River Street Reviews: Catherine Owen reviews nighstead by David Martin

nightstead by David Martin, Palimpsest Press

In The English Elegy, Peter Sacks notes that the elegiac mode presents with a “dense matrix,” one composed of techniques such as “the use of repetition and refrain…reiterated questions” and tropes that evoke “the movement from grief to consolation.” David Martin’s nightstead is, both overtly and slantwise, a book-length elegy for his brother Ron, who died by suicide at 23. Martin, adept at formal and post-structural innovations in all his books, from the poly-vocalities of Tar Swan to the diction diminuendos of Limited Verse, draws further on his endless willingness to undertake the deep experiment, in this case, to chart the irrecoverable. 

One of my favorite quotes about form in general comes from Richard Kenney who underscores that forms, “are not at root quaint cultural artifacts, they’re Darwinian solutions proposed by human neurology.” In grief, the poet can be given lingual passageways, forms as translations of loss, sigils of mourning. Martin, throughout Parts I and II, like a tickertape of pain on the base of the pages, runs a series of Joe Brainard-style “Do you remember” sentences (“do you remember listening to country music on the long drive home after the funeral?”… “do you remember standing next to me by a tree while waving a Canada flag?”) plumbing memories of his deceased brother, a highly effective emotional punctum that courses below and through the less emotive syntactical and rhyming pieces above. For the former, there are ee cummings-reminiscent wrenching apart of words as in “Mole”  


and for the latter, the archaic spell of a piece like “Charm” that unwinds a life numerically down to its repeated “none.”  


Martin risks spaces, silences. The titular poem is only a raying-out of Anglo-Saxon compound words but the fusions, from “moonlawn” to “sleepwreck” amid a surfeit of blank page, allow all the absences to know attendance. He is also fiercely adept at traditional forms such as the triolet (All-Ages Show), the sonnet (Calgary Racing Pigeon Club for one), and other stanzaic structures (the period-less enjambments in the sestets of Case History, for instance). But even though more scattershot pieces like the visual river one (“flows south we sta/rt with rain at landing neopre/ne skin-layers and raft hefted o/ver the bar”) are less satisfying to read, they are essential in their contrapuntal context, echoing how grieving ruptures, then leaps to seeking excessive meaning, as in Martin’s concordance and definition pieces. 

Part III, its core an 11-page accounting of the aftermath of Martin’s brother’s suicide, called “Here, after” is the centerpiece in nightstead. Martin states: “I had to wait a long time before I’d break/into the past,” this collection emerging many years post the loss, emphasizing the depth of processing that one often requires before raw grief can turn into the polished hauntings of art. “Here, after” contains sensorial imagery (the “cold wood” of the casket, the coffee and basket of muffins that seem “a miracle” following the hard early days of death’s tasks) but also the world’s quick indifferences, the “awkward space,” the “shame each year,” the tiny lies one tells in self-protectiveness. So moving and relatable.
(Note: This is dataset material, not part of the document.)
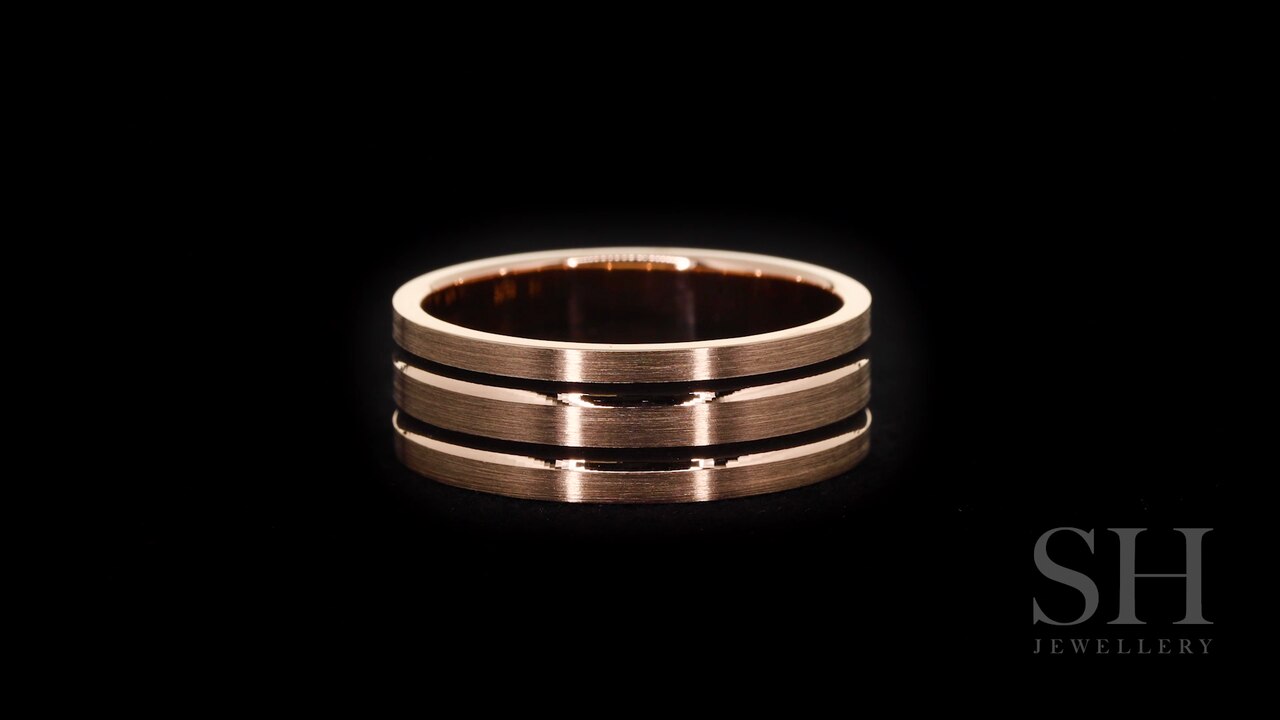 Men's Rose Gold Square Profile Wider Band With Twin Grooves (7mm) - W0513

Part IV feels like a bit of an anti-climax following this beautifully blunt tour-de-force of mourning but again, its pages of splintered homages to Simonides, the Greek elegist, who “fostered/arcana/of place” and Giordano Bruno, the Italian cosmologist whose heretical theories led to his execution, who “stitched    a codex/of shadow” above random italicized objects (“bone trumpet found in the woods”) feel necessary as the mind must also detach itself from personal ghosts and enter the fragments of history. 

penultimate poem, a slim set of mostly couplets called “Mountain View” is close to an ideal closure as it contains a summation of grief’s rangings: visitations to memorials, realizations of transience, self solacings, as in the image of the geese who “dive heads/into pillows/of themselves.” 

Annie Finch speaks of how a poet needs must find “the right form for the right occasion” but David Martin shows in nightstead that such lengthy mournings require as many ways of phrasing (and dismantling) the elegy as singing brings him.

About Catherine Owen:

In addition to being a thoughtful and incisive literary critic, Catherine Owen is a Vancouverite-Edmontonian and the author of seventeen collections of poetry and prose, the most recent Moving to Delilah (Freehand Books 2024), nominated for both the Al Purdy and Robert Kroetsch awards. She has been writing reviews for 15 years, hosted a poetry podcast for 2.5 years and has run performance series for over 25 years. Her next book is the hybrid-memoir 16 Homes due out from Wolsak & Wynn in Fall 2026.